The goal of this round of testing is to observe and measure the marc-migration process duration in ECS environment from Central tenant and member tenants, and find any possible issues and or performance problems.

Tests were done with two parameter sets (CHUNK_FETCH_IDS_COUNT, RECORDS_CHUNK_SIZE). The first tests were with optimal parameters defined in report for authority migration (12000 and 4000 accordingly). The second tests were with default parameters (500, 500)

Original ticket: https://folio-org.atlassian.net/browse/PERF-1045

Summary

  • Tests performed on two tenants (central and member).

  • All data mapping processes finished successfully.

    • No issues or errors found during data mapping process.

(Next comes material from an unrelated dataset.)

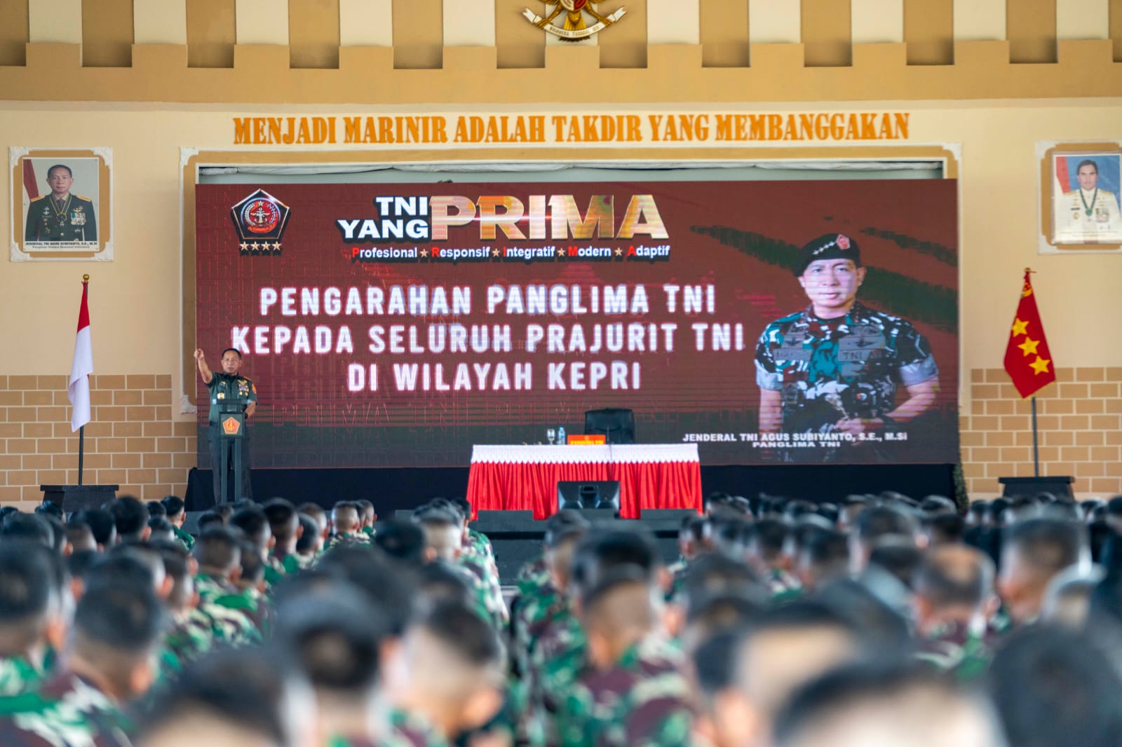 Batam – Panglima TNI Jenderal TNI Agus Subiyanto melakukan tatap muka sekaligus memberikan pengarahan kepada 837 prajurit, bertempat di Mako Yonif 10 Marinir/SBY, Batam Kepulauan Riau, beberapa waktu lalu.

    • It consumes up to 25% CPU on mod-marc-migration service and up to 20-22% of DB CPU.

  • All tests got different success rate on data saving, however tests for central and member tenant with parameters: “CHUNK_FETCH_IDS_COUNT = 500, RECORDS_CHUNK_SIZE = 500” got highest number of saved instances (89% for central tenant, 99% for member tenant).

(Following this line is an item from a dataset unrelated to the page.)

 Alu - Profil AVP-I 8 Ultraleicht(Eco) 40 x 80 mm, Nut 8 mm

    • Records failed to save because of issue found in DB logs - optimistic locking.

    • During data saving process runtime reindexing happening on the background (mod-search) causing high DB load for a long time (more than 1,5 hours) after data saving is completed.

    • Deadlocks is observed in DB, however they not causing any issues with marc-migration process as this deadlocks happens on mod-search schemas.

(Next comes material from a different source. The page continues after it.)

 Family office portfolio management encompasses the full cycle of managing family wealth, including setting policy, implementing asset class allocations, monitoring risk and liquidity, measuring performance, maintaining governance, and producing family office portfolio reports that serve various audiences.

    • During data saving CPU usage on mod-marc-migration was 5% and 3% on mod-inventory-storage.

    • DB CPU reached 100% and stayed high even after process finished doe to mod-search runtime reindexing.

    • No signs of memory leaks found during all tests

  • It’s clearly visible in test results that there’s small success rate of data saving with high values for CHUNK_FETCH_IDS_COUNT and RECORDS_CHUNK_SIZE parameters. mod-marc-migration is probably failing to save data because of high load caused by mod-search on CPU during data saving, probably batch update transaction is taking to long to complete and issue Apparent connection leak detected happening. mod-marc-migration doing retry of the same batch and getting back optimistic lock for records, as some records already completed with current batch in previous try.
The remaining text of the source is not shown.